Прежде бывало, только одна рука попадала
странному влиянию; теперь же все мое тело
подверглось ему, несмотря на все мое усилие
и желание ему противодействовать. В другой
раз, когда я точно так же никак не ожидал
этого, повторилось то же самое. Тут впервые
мне пришло в голову, что если я отдамся
вполне этому влиянию, которое, очевидно,
хочет сделать из меня медиума, мне, быть
может, удастся добраться до истины в этом
деле. Я вздумал спросить: есть ли тут кто?

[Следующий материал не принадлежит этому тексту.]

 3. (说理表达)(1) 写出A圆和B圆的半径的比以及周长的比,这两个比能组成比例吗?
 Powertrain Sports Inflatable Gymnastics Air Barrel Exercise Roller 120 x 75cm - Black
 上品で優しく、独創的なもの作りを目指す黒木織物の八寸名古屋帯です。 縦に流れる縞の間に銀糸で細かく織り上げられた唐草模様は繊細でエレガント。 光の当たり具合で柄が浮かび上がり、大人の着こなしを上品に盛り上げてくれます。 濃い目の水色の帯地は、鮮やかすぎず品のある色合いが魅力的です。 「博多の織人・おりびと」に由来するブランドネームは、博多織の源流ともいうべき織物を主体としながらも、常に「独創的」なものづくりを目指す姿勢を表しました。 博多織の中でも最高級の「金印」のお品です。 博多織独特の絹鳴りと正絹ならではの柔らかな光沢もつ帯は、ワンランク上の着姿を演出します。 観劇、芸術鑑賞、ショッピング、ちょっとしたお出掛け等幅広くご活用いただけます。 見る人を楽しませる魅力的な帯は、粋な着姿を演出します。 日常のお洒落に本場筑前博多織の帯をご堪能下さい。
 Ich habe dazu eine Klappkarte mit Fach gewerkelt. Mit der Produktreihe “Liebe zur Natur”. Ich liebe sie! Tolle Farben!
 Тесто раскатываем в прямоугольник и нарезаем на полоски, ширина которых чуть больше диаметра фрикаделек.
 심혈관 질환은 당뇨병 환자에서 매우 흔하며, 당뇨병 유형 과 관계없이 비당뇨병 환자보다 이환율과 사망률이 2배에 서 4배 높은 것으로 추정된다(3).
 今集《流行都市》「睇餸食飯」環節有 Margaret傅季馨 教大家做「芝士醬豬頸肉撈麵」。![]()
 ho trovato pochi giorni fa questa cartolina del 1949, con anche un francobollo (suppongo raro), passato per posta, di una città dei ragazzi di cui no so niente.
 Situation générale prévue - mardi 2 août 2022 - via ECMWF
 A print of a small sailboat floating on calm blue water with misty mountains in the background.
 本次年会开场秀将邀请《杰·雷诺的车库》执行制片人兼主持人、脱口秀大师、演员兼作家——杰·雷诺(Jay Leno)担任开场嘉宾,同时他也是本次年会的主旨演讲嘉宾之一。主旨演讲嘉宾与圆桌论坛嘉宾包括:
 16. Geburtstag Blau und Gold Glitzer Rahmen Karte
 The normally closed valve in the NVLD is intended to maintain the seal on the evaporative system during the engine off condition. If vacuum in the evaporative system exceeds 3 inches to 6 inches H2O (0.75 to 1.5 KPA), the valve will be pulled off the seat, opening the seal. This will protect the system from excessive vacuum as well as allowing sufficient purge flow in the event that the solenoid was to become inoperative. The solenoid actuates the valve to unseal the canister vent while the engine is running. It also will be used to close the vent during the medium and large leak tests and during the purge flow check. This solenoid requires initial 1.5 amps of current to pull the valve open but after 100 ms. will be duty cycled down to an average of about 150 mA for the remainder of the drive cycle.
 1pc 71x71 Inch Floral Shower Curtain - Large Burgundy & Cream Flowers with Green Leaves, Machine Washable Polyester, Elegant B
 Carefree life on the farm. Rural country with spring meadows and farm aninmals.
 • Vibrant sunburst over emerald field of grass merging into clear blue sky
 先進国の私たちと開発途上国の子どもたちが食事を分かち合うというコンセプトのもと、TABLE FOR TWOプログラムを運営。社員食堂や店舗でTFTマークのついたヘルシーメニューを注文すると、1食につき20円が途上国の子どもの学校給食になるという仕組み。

Три отчетливых стука были даны в знак
утверждения. Будучи слишком возбужден,
чтобы расспрашивать далее, я лег опять в
постель, раздумывая над этим
неопровержимым для меня доказательством,
что силы эти могут в самом деле влиять на
человека (с. 92).
То же
самое повторилось со мной и в другой раз во
время моего пребывания в деревне. Тело мое
двигали и поднимали точно так же, когда я
уже был в постели. Как в первый, так и в этот
раз я испытывал странные ощущения, и все
произошло так неожиданно, что, казалось,
невидимые деятели намеренно проявляли свое
влияние надо мною, когда я всего менее
ожидал этого. Такая возможность со стороны
«духов» действовать на меня без всякой
предварительной подготовки с моей стороны
открыла мне существование внутренней связи
между духовным и нашим миром, а также их
способность проявлять свое влияние
независимо от разных условий и
обстоятельств. Но чтобы дать мне еще
большее доказательство их способности
воздействия на меня, они показали, что могут
через
посредство моего организма проявлять ту
разумность, которая характеризует их как
существ мыслящих и чувствующих. Убедившись
на опыте в их физической силе, я стал искать
случая ближе ознакомиться с их
проявлениями. Когда я стал с этой целью
посещать спиритические кружки, невидимая
сила схватывала мою руку и заставляла ее
писать. Вначале фразы были коротки и
выражали отрывочные мысли, но по мере моего
развития исписывались целые страницы на
разнообразные темы и вопросы. Но все-таки в
том, что писалось тогда моей рукой, не
проявлялось еще положительного намерения
написать через меня целое сочинение» (с.
92-93).
Один из
самых поразительных примеров вторжения
медиумических явлений и преследования ими
определенной, разумной цели, несмотря на
сопротивление субъектов, представляет нам
возникновение спиритического движения
через детей-медиумов семейства Фокс в 1848
году. Бесполезно будет входить во все
подробности этого события, так как их можно
найти в специальных сочинениях Капрона и
Лии Ондергиль, одной из сестер Фокс («Modern
Spiritualism, its Facts and Fanaticisms», by Capron. Boston, 1855. - «The
Missing Link in Modern Spiritualism», by Lea Underbill of the Fox family. New
York 1885), и также в русском издании сочинения
Дэль-Оуэна «Спорная область» (С.-Петерб., 1881),
в специальной главе «Рочестерские стуки», с.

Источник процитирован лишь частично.